Though the incidences of IVIG resistance varied all of the world, mostly were between 10% and 20% [22-24]. It was quite low in the present study, which was similar to the incidence of Shanghai in the latest survey [25]. We previously had found that 5.1% of all patients were IVIG resistant during the past 9 years [9], which was almost the same as the present study. We speculated the time of initial IVIG treatment, racial differences and lots of IVIG might attribute to the discrepancy in the incidences. Unfortunately, all of these six prediction models had a relatively low PPV. Our results were coincident with previous study [13], which could be explained by a low IVIG resistance incidence (5% in the present study).

All the prediction models described in the present study were developed in Asia populations, most of which were from Japan. However, all had shown moderate sensitivity. What was more, previous study had found a lower sensitivity in an American population [26]. Due to an unknown origin of KD, we speculated a prediction model combined clinical, laboratory characteristics, with biomarkers or other specific indicators might have a better performance.

It should be noted that a total of 505 patients were diagnosed with KD in 2015 and 2016, which were almost half of those diagnosed between 2006 and 2014 [9]. In 2014, the Chinese government introduced the second child policy, leading to a dramatic increase in the number of children aged under 2 years in recent years. Thus, it was not surprising that the number of KD patients were increasing rapidly.

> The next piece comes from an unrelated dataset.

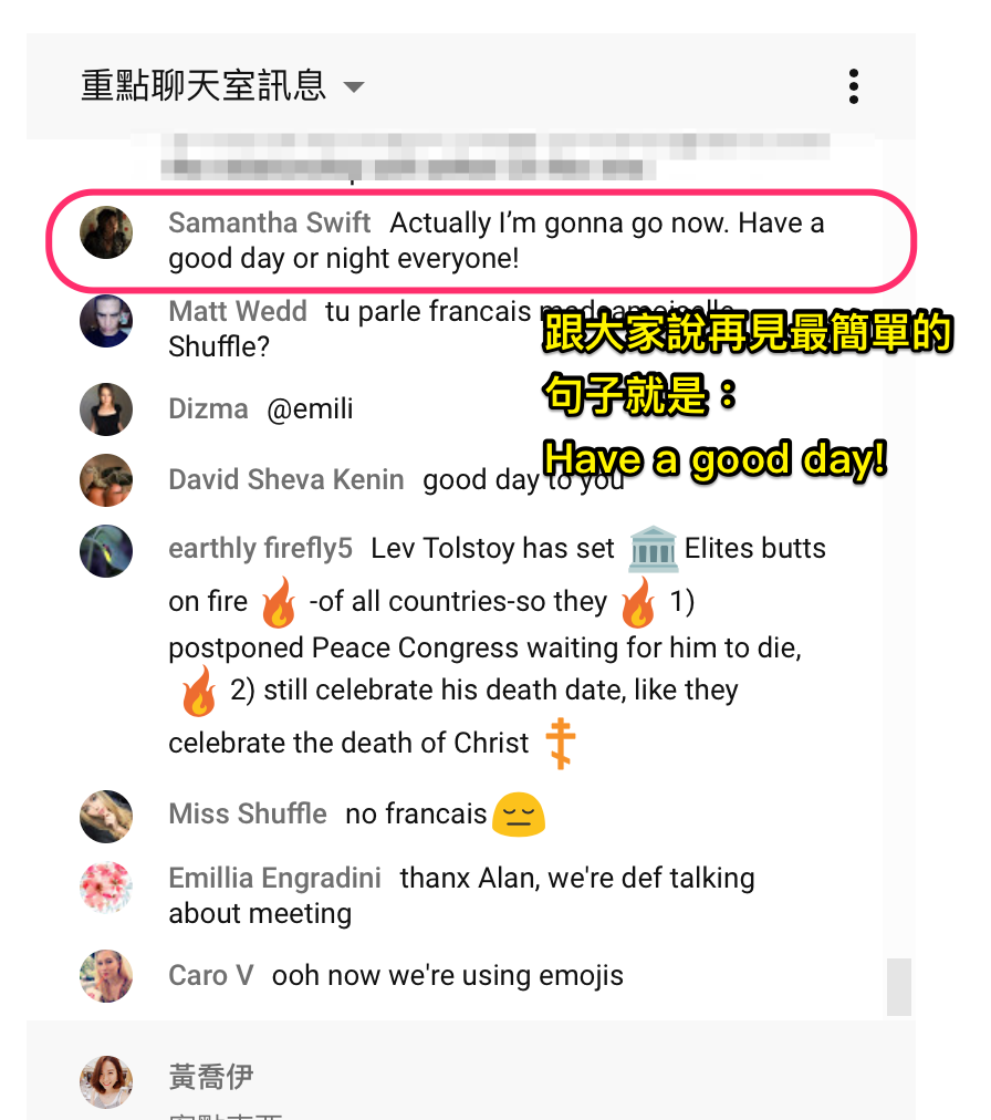 聊天到最後總是有散場的時候,最通用的句子就是 Have a good day.(像是第5張照片中的 Samantha 說的句子多打一個 night 是為了兼顧不同時區的人),還不熟悉說英文的人可以先從習慣外國人最簡單的打招呼和退場練起,看似簡單的句子,從「打」到習慣後就可以試著「說」到習慣。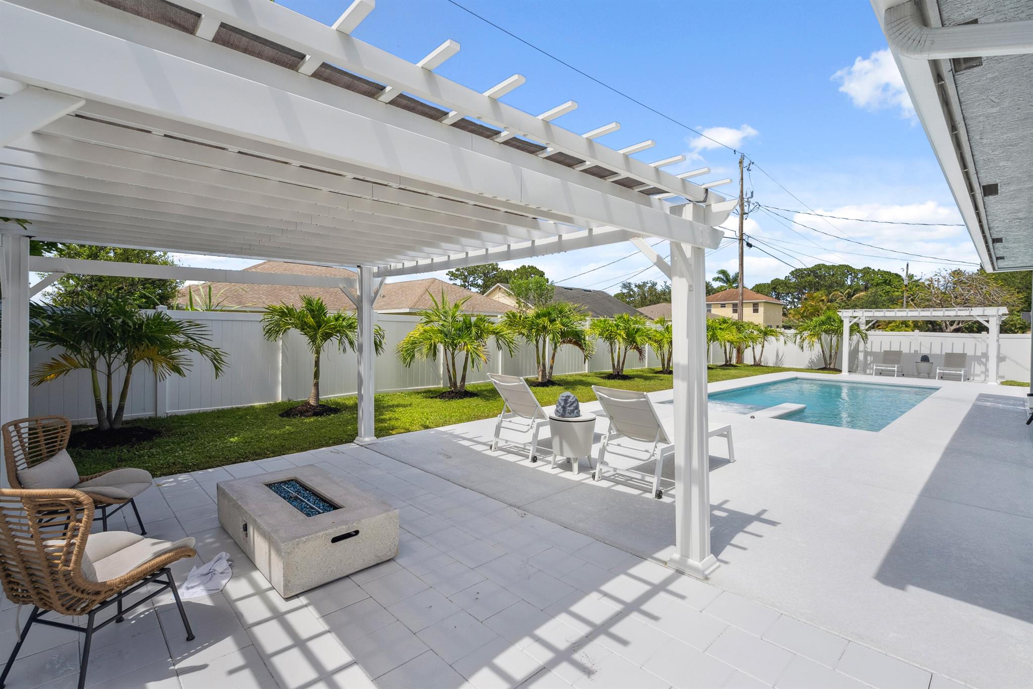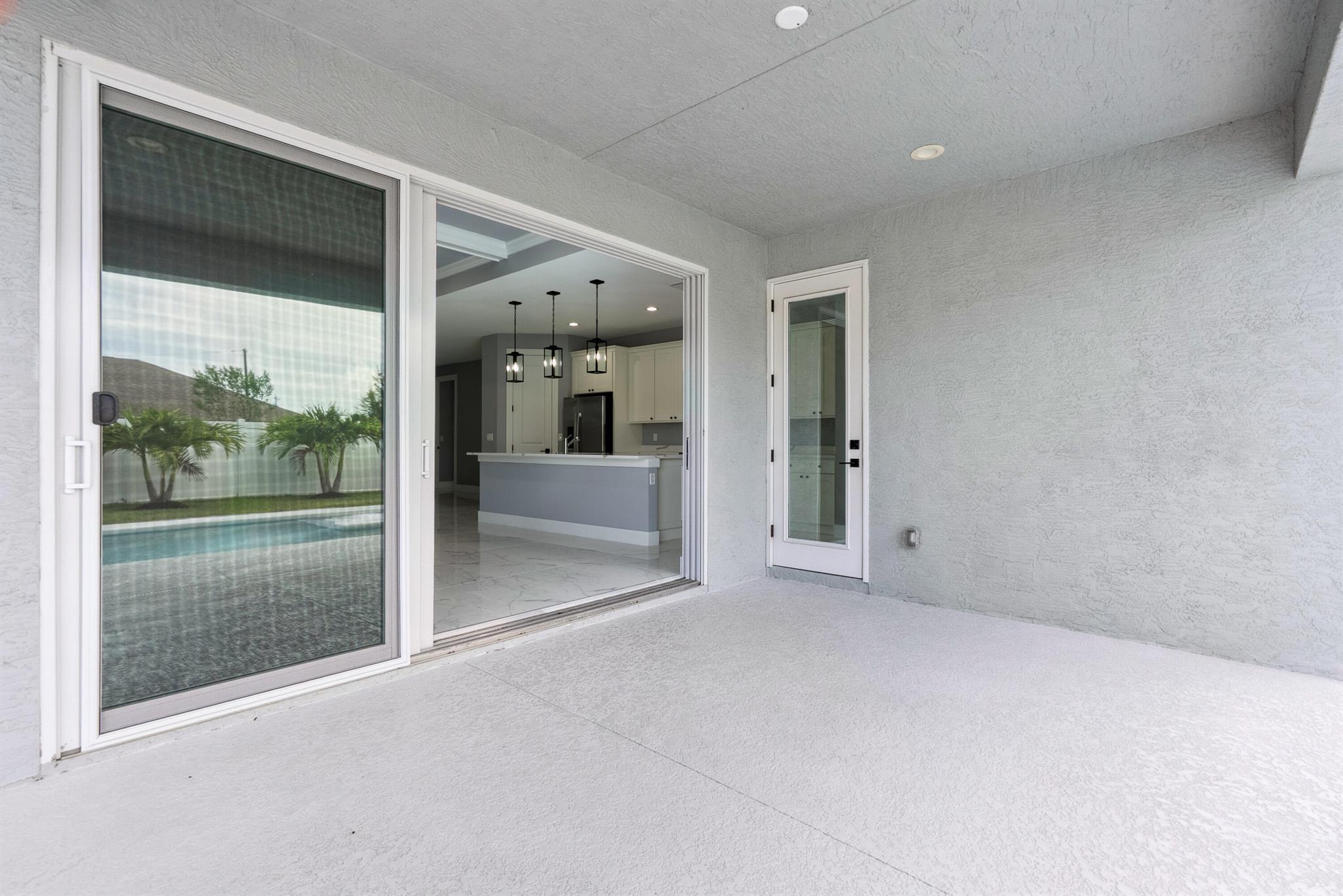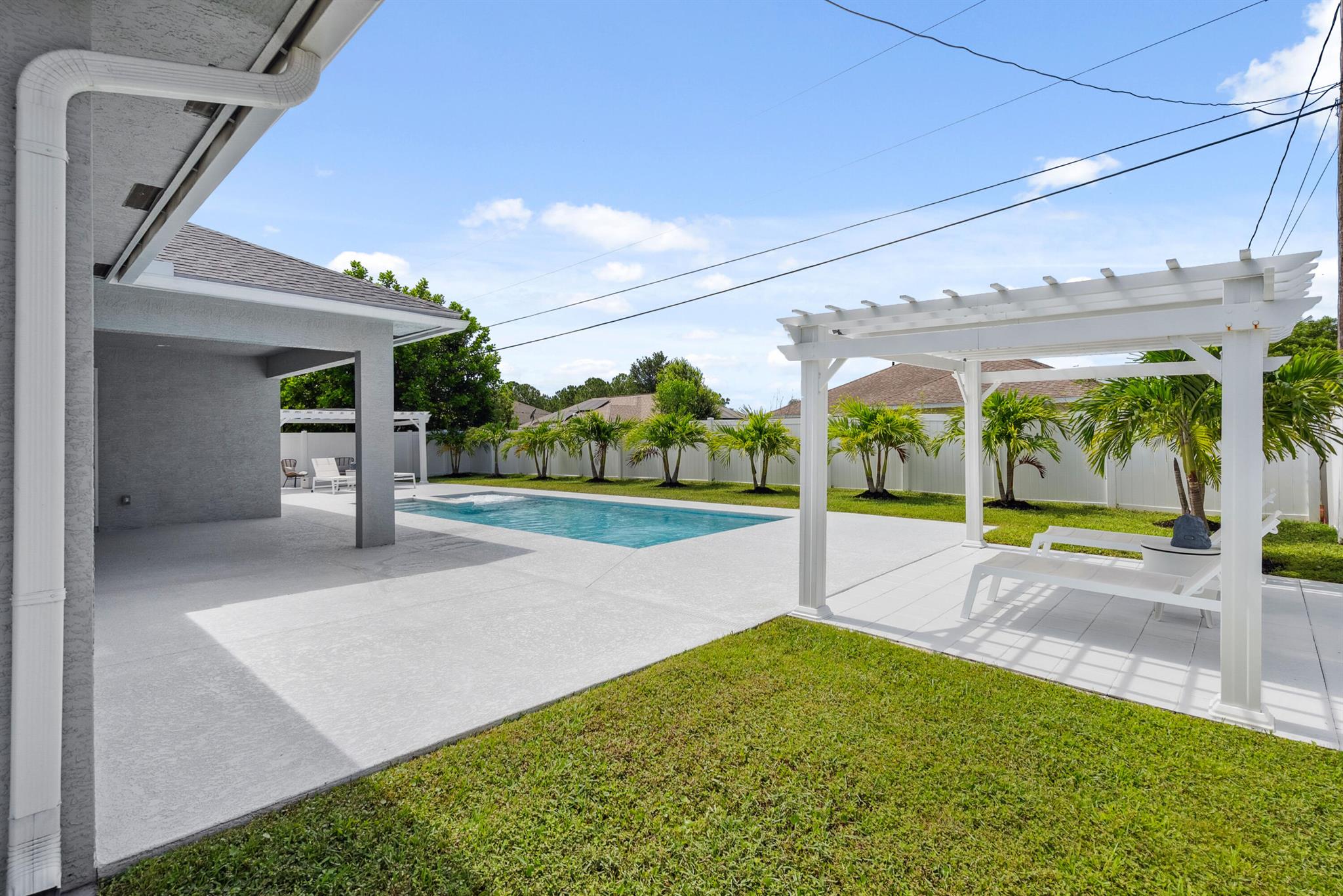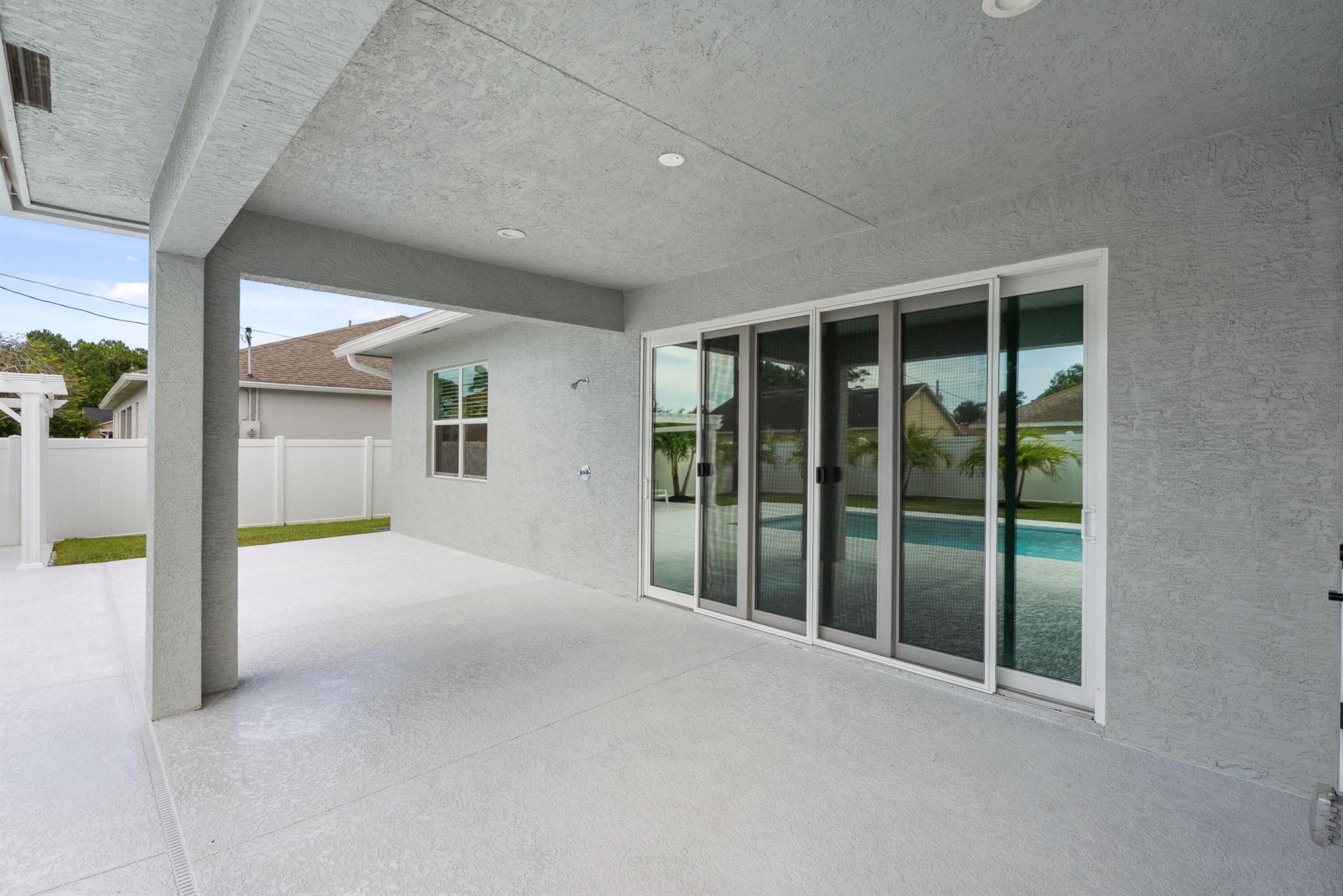 Pool home with a heated infinity spa! Fully fenced in yard for your pups! Only 1.4 miles to Tradition Square without having to pay the HOA or additional taxes to live in Tradition & only 52 minutes to the WPB Airport, making it an easy commute for a potential second home. Walking distance to Starbucks. No HOA, so bring your boat/RV! ALL IMPACT windows & doors built in 2022. Upgraded porcelain tile throughout, zero carpet. Beautiful white shaker kitchen with quartz countertops that overlooks the living room adorned with a coffer ceiling and crown molding. 8ft interior doors. The backyard is perfect to spend all summer! Two featured pergolas, an outdoor shower, extended pool cool decking and covered patio that can be easily screened for indoor/outdoor living.

This study had some limitations. First, part of the study was retrospective and the missing data might lead to selection bias. Second, we did not conduct stringent validation by using an independent KD cohort from other institutions in this area, although most KD patients were diagnosed and treated in our hospital. Third, we didn’t evaluate the efficacy of other models such as Tremoulet prediction model for the inconvenience to get such variables. Further large-scaled studies were warranted to further verify the efficacy of the prediction models and moreover, to develop a more efficient prediction model suited for this area.

Conclusion

Our prediction model had a powerful predictive value in this area, followed by Kobayashi model while all the other prediction models had less excellent performances than ours. The prediction model could help identify IVIG resistance in clinical work.